But here, there’s more than touch reception—there’s pressure, cruel pressure, that I winced with each clamping. Still nothing. She then used both hands to press and knead the full mass of the breast like it owed her something. Still no milk, not even a drop. She switched to the other breast, but it was the same thing. I watched her body go from effort to resignation in minutes. Her face remained unreadable, but her hands told the story.

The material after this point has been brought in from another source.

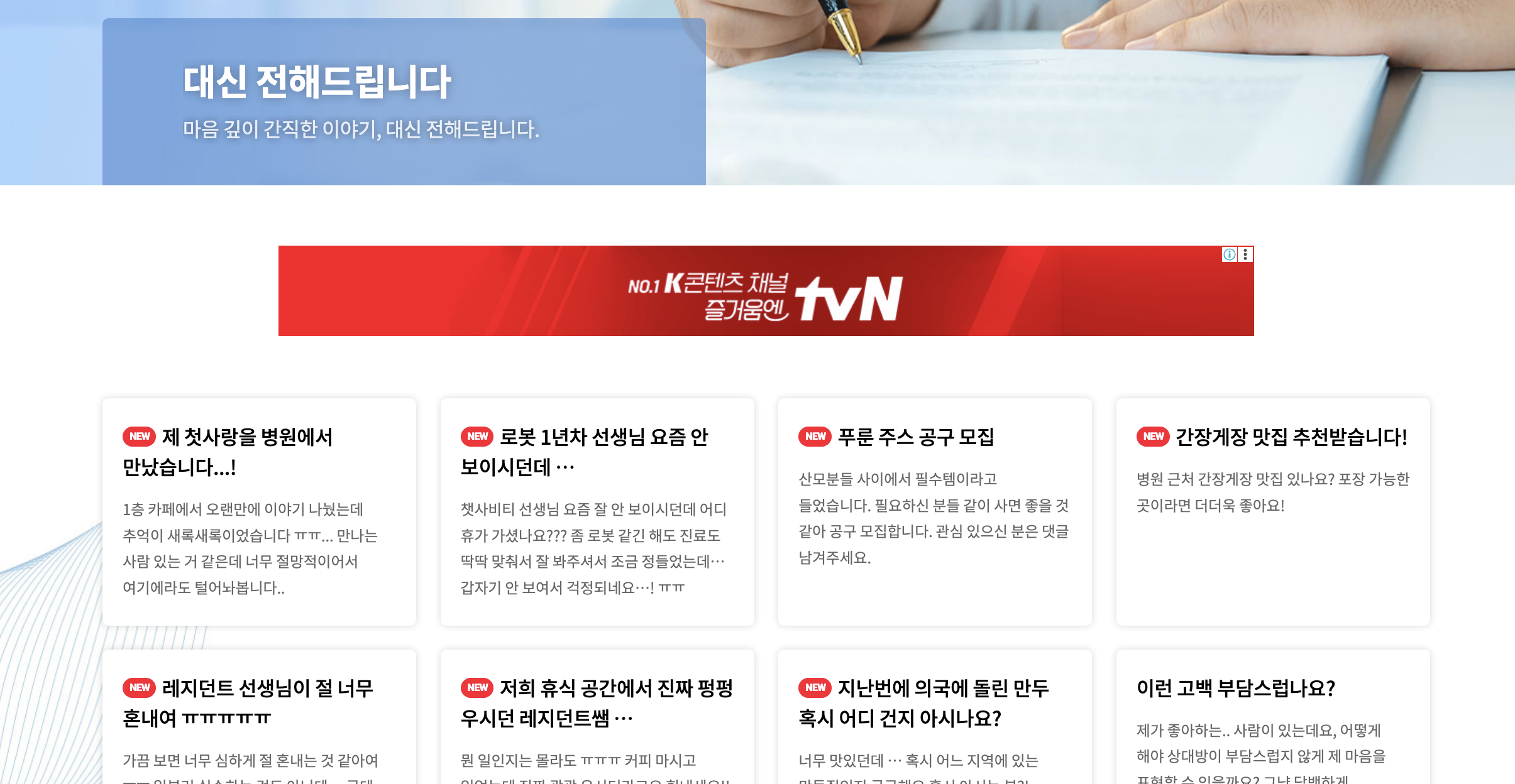 대신 전해드립니다는 이제 등장인물들이 작성한 것 같은 글들이 올라오는데 약간 다음 화 스포의 역할도 하고, 각 인물들의 감정을 표현하고 있어서 꽤나 재미있게 보고 있다.

She tied her wrapper, this time properly, tightly above her breasts. Then she poured herself a cup of hot tea from her flask. I expected her to sip on it since I could see the steam rise furiously from the cup—but she didn’t. She gulped it all in one go. I don’t know what hit me more,
whether it was her silence or her desperation.
There was another woman. I first saw her while she was still pregnant, pacing up and down, hands pressed into the small of her back like she was trying to hold herself together. The next day, her stomach had deflated. I knew she had delivered.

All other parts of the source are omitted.